TASK DESCRIPTION: From the line below containing "Stylish lady's birthday" to the final line, print each line exactly as written. No pictures belong in the copy.
═══ DATA TO PROCESS ═══
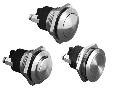 21,5mm, flach, 1A, 50V AC/DC, IP68Edelstahltaster mit flachem, gewölbtem oder hervorstehendem Betätiger.
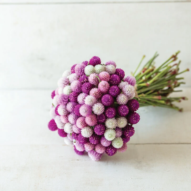 1 1/2″ blooms in shades of purple, pink, and white. We have found the QIS™ (Quality in Seed) Mix to have the widest color range in a mix, as well as good stem quality, length, and uniformity. Also known as globe amaranth and common globe amaranth.
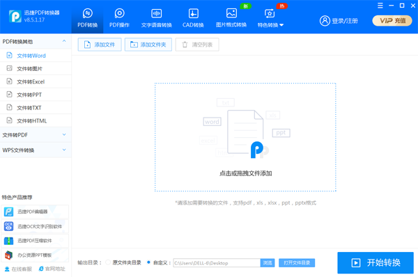 一般ppt文件的页数会比较多,或者是多个ppt文件需要转换时。借助这款工具可以完成文件转换的操作。首先需要在电脑中下载安装然后打开,弹出对应的功能界面。因为该软件默认的是“PDF转换其他”功能,所以需要选择一下“文件转PDF”中的ppt转pdf。这样就可以往对应的页面中添加文件。其中添加文件的方式有多种,我们即可选择对应添加文件的按钮,也可以使用拖拽的方式将其拖拽到指定的区域。
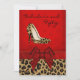 Stylish lady's birthday or event invitations done in a brown and black spotted jaguar fur pattern, with elegant graphics of matching animal print stiletto high heels, decorating the red on red floral background, on the top front. Red satin looking ribbon and bow acts as a decorative border between the red background and the jaguar pattern. The back is done in same jaguar pattern, with a red framed white text area over top. All text, front and back, is ready to personalise for your event. Fabulous looking invitation.
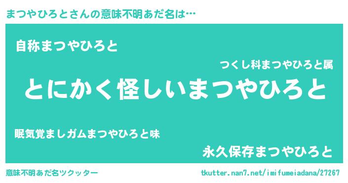 | ポケモン風あだ名 | 『ヒマツヤヒロト』『マツセウス』 |
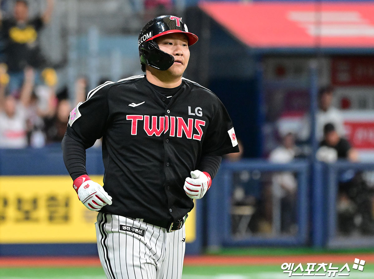 (엑스포츠뉴스 고척, 김한준 기자) 8일 오후 서울 구로구 고척스카이돔에서 열린 '2025 신한 SOL Bank KBO리그' LG 트윈스와 키움 히어로즈의 경기, 7회초 2사 1루 LG 문보경이 투런 홈런을 날리고 있다.
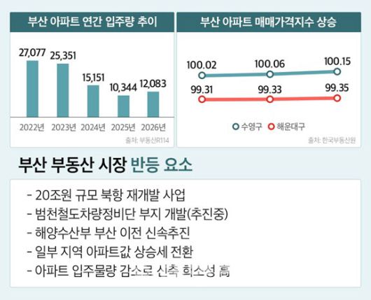 신축 아파트의 희소성은 더 부각된다. 부동산R114에 따르면 부산 아파트 입주 물량은 2022년 2만7000여 가구에서 올해 1만여 가구 수준으로 급감했으며, 2028년까지도 이 같은 감소 흐름이 이어질 전망이다.
═══
YOUR RESPONSE:
 Stylish lady's birthday or event invitations done in a brown and black spotted jaguar fur pattern, with elegant graphics of matching animal print stiletto high heels, decorating the red on red floral background, on the top front. Red satin looking ribbon and bow acts as a decorative border between the red background and the jaguar pattern. The back is done in same jaguar pattern, with a red framed white text area over top. All text, front and back, is ready to personalise for your event. Fabulous looking invitation.
 | ポケモン風あだ名 | 『ヒマツヤヒロト』『マツセウス』 |
 (엑스포츠뉴스 고척, 김한준 기자) 8일 오후 서울 구로구 고척스카이돔에서 열린 '2025 신한 SOL Bank KBO리그' LG 트윈스와 키움 히어로즈의 경기, 7회초 2사 1루 LG 문보경이 투런 홈런을 날리고 있다.
 신축 아파트의 희소성은 더 부각된다. 부동산R114에 따르면 부산 아파트 입주 물량은 2022년 2만7000여 가구에서 올해 1만여 가구 수준으로 급감했으며, 2028년까지도 이 같은 감소 흐름이 이어질 전망이다.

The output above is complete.